_WORK TO BE COMPLETED_
Images don't belong in the copy. Output the rest of the data exactly.

--- DATA SHOWN Enclosed Below ---

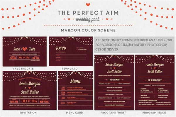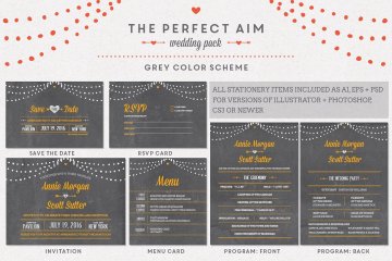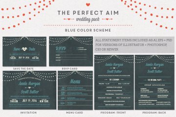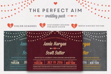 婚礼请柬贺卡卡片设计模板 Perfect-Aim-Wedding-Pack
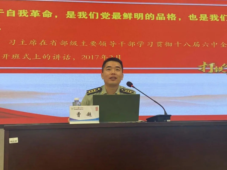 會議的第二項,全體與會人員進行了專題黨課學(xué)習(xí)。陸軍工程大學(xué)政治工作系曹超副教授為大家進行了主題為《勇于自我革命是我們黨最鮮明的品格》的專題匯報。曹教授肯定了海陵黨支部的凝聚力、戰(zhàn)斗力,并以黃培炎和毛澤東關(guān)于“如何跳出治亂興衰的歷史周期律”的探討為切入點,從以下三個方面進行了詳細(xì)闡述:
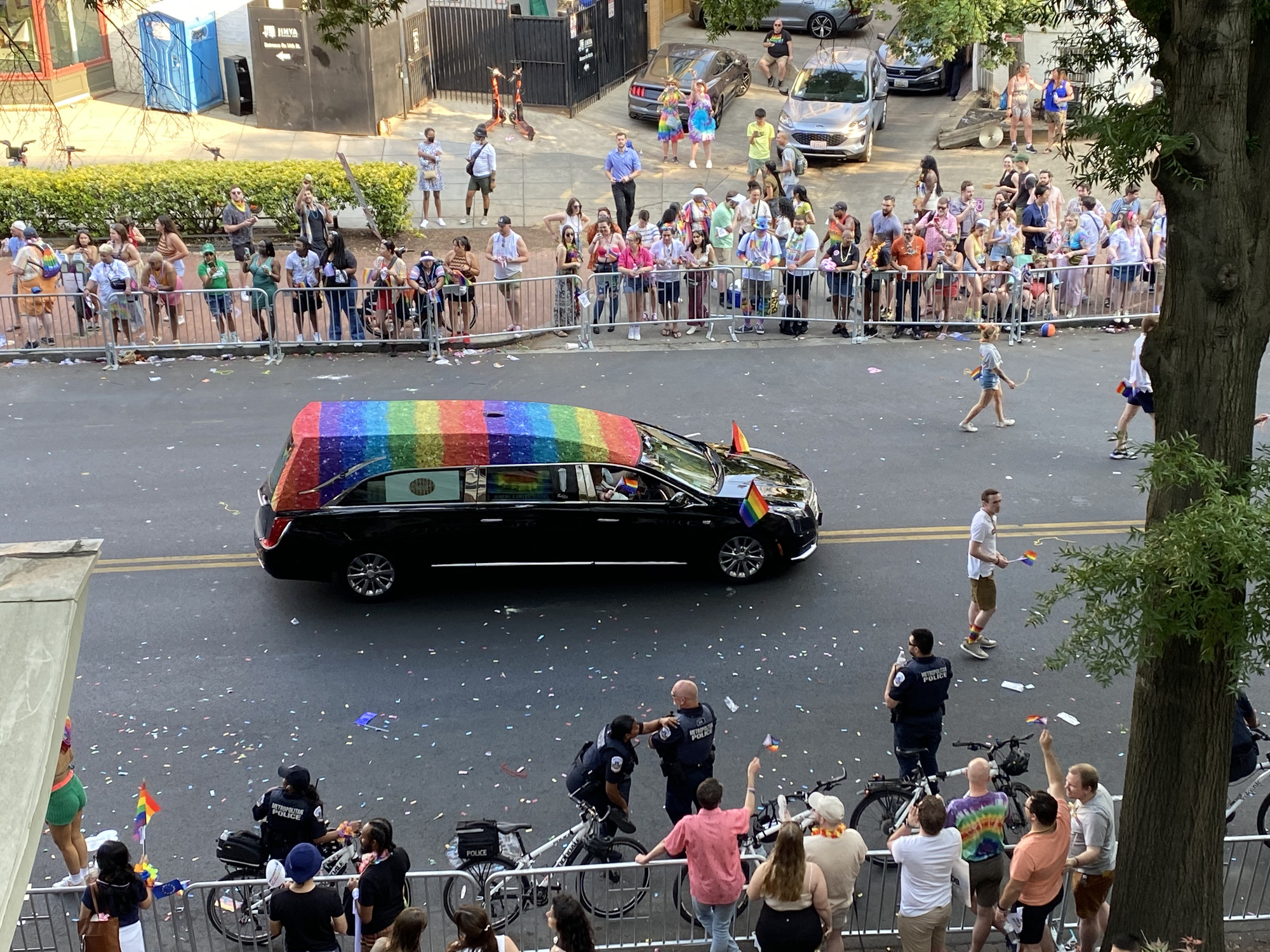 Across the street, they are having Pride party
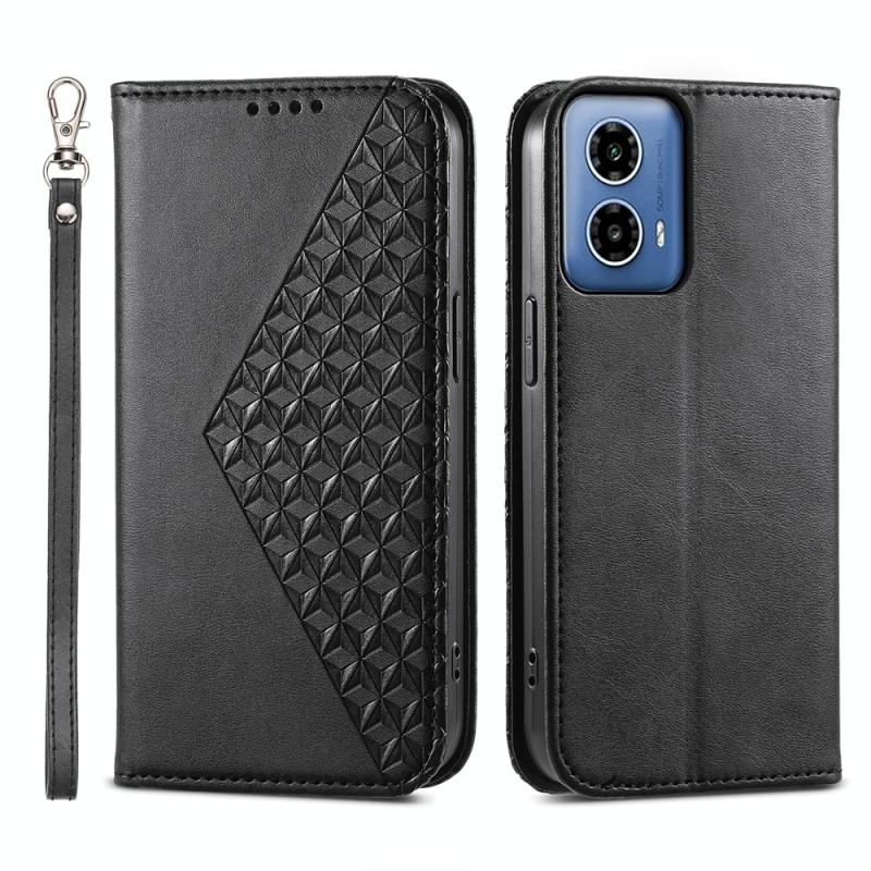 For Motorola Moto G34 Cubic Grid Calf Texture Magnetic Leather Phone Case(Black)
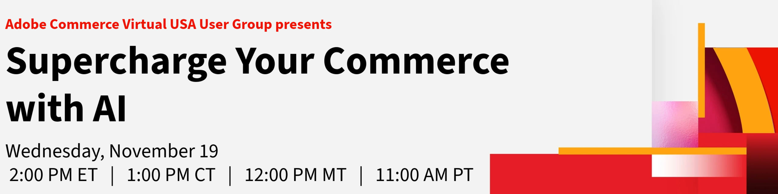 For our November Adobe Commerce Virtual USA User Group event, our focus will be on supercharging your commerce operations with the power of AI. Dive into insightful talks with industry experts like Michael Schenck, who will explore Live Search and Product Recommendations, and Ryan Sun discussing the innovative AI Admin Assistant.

--- End of Enclosed DATA SHOWN ---

_WORKED SOLUTION_
 婚礼请柬贺卡卡片设计模板 Perfect-Aim-Wedding-Pack
 會議的第二項,全體與會人員進行了專題黨課學(xué)習(xí)。陸軍工程大學(xué)政治工作系曹超副教授為大家進行了主題為《勇于自我革命是我們黨最鮮明的品格》的專題匯報。曹教授肯定了海陵黨支部的凝聚力、戰(zhàn)斗力,并以黃培炎和毛澤東關(guān)于“如何跳出治亂興衰的歷史周期律”的探討為切入點,從以下三個方面進行了詳細(xì)闡述:
 Across the street, they are having Pride party
 For Motorola Moto G34 Cubic Grid Calf Texture Magnetic Leather Phone Case(Black)
 For our November Adobe Commerce Virtual USA User Group event, our focus will be on supercharging your commerce operations with the power of AI. Dive into insightful talks with industry experts like Michael Schenck, who will explore Live Search and Product Recommendations, and Ryan Sun discussing the innovative AI Admin Assistant.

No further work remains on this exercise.